Gary Brewton, MD, FACP
 
Trained at some of the most prestigious institutions in the United States, Dr. Brewton has served the community in a variety of roles over the years: 
     • As a medical student, he was one of the founders of the Montrose Clinic (now Legacy Community Health Services), writing the detailed health plan and treatment protocols that got the Clinic started on a solid foundation. 
     • Following graduation from Baylor College of Medicine, he served a year with the National Health Service Corps in El Paso, Texas, working at the understaffed Centro Medico del Valle near the historic Ysleta puebla, one of the oldest (1682) settlements in Texas. 

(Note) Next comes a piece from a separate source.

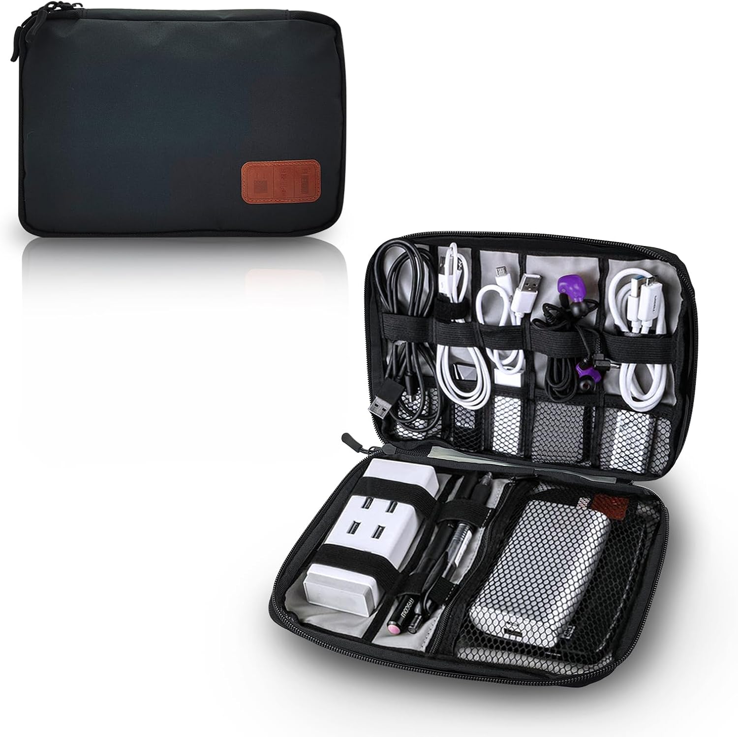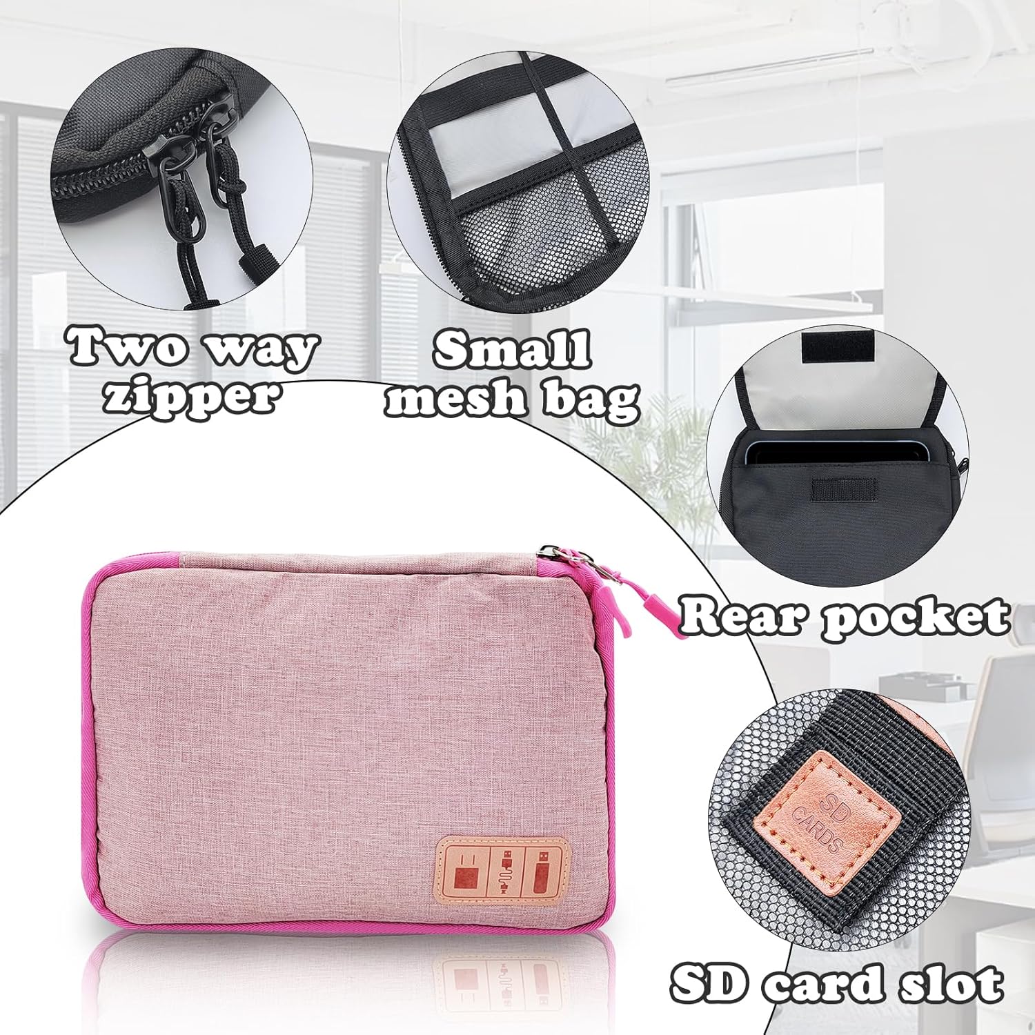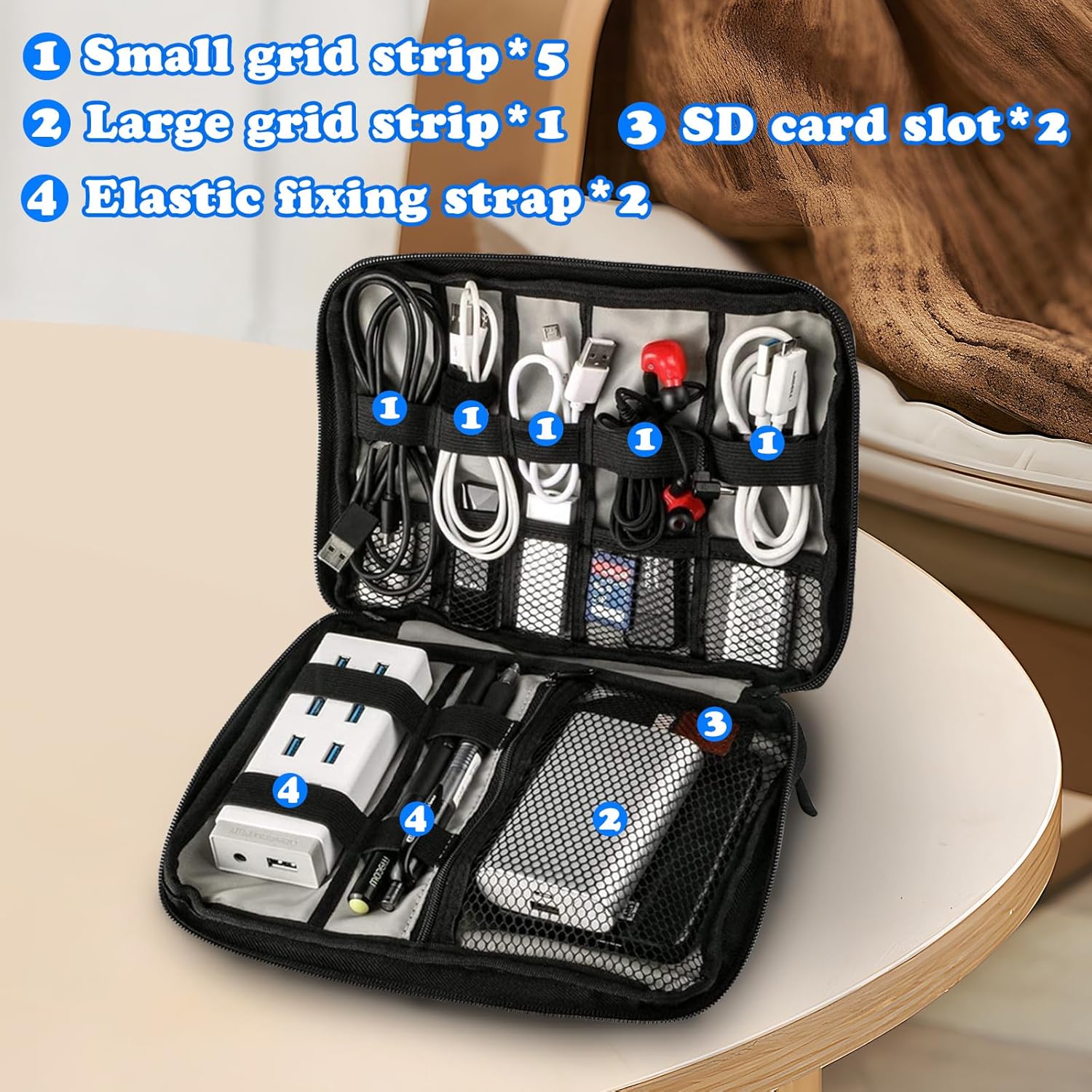 【Voldoende capaciteit】: er zijn vijf verschillende maten opslagvakken voor datakabels, twee sleuven voor telefoonkaarten, twee elastische vakken, een beschermingsnet met ritssluiting en een vak met klittenbandsluiting. De kabeltas is uitgerust met een beschermingsnet en elastieken. Het veiligheidsnet met ritssluiting kan kleine voorwerpen opbergen die gemakkelijk verloren gaan. Elastische banden kunnen je spullen vastzetten, zodat voorwerpen netjes kunnen worden geplaatst.

     • He saw his first person with what would later be known as AIDS in 1982 while still in training at the Houston Veterans Administration Hospital. As a resident he became a resource for HIV/AIDS related information. He attended the First International Conference on AIDS in Atlanta, Georgia in 1985, and was invited to join the faculty of the University of Texas System Cancer Center-M.D. Anderson Hospital and Tumor Institute, working in the HIV/AIDS clinic there. One of the first full-time HIV clinical researches in the city, he rose to the rank of Assistant Professor before he left M.D. Anderson when the Institute for Immunological Disorders, a hospital and clinic set up by UT-M.D. Anderson, closed its doors in 1987. 
     • From 1987 to 1998 Dr. Brewton worked with the group of HIV/AIDS and cancer specialists known as OnCol Medical Associates, which provided state-of-the art care in facilities that included a reference immunology laboratory, an infusion pharmacy paired with an infusion center with on-site pharmacists and nurses that enabled people to receive high quality care while remaining comfortable at home, negatively-pressurized inhalation therapy rooms, clinic spaces, classrooms, and meeting rooms. At present, he continues his work in advanced HIV care, providing his patients access to the latest treatments available through expanded access programs before they are available to the general public by prescription.
     • In 1993 the leaders in Internal Medicine nationwide elected him a Fellow of the American College of Physicians.
     • For 1996 and 1997 he was elected by his peers Chief of Staff of Twelve Oaks Hospital. 
     • Since 1998 he has developed expertise in the use of the Electronic Health Record (EHR).
     • In April 1998, Dr. Brewton realized a long-held vision by opening a private practice office to provide primary care for adults. One of his greatest professional joys has been the ability to talk to patients and listen to them at a leisurely pace. He has always endeavored to give the kind of personalized care that many people find missing in medicine today. 
     • He routinely recertifies his credentials as an AIDS expert. Most recently in 2009 he passed the recredentialing examination of the American Academy of HIV Medicine. 
     • In 2007, he entered seminary on a part time basis in the Houston-Galveston program of Perkins School of Theology-Southern Methodist University. Part of the motive of this has been to give voice to the unmerited suffering that he observed during the "bad years" of HIV/AIDS as a physician, as a partner of someone who died, and as a member of the community, especially the particular community at Bering Memorial United Methodist Church. Those who suffer include not only the infected but also all the others of us who have been affected. Apart from HIV/AIDS, gay-lesbian-bisexual-transgendered (GLBT) people suffer because of discrimination by fundamentalists and by the church hierarchy who deny them full participation in all aspects of church life. Yet both church and family are central to the upbringing of many people. The stories of people with HIV/AIDS and the stories of GLBT Christians are linked in many ways, especially stories of rejection. Dr. Martin Luther King, Jr., said that unmerited suffering is redemptive. The quiet courage of those who endured and continue to endure is not always appreciated. In the midst of suffering, great beauty can be present. Dr. Brewton's plan is to study how telling the stories of people who have suffered may be a means of healing for the community at large. He is grateful for the support of the faculty at Perkins, his immediate and extended family of origin, and his family of choice at Bering.  His hope is to practice a "bivocational ministry" of physical and spiritual healing.  He is a certified candidate for ordination as an Elder in the Texas Annual Conference of the United Methodist Church.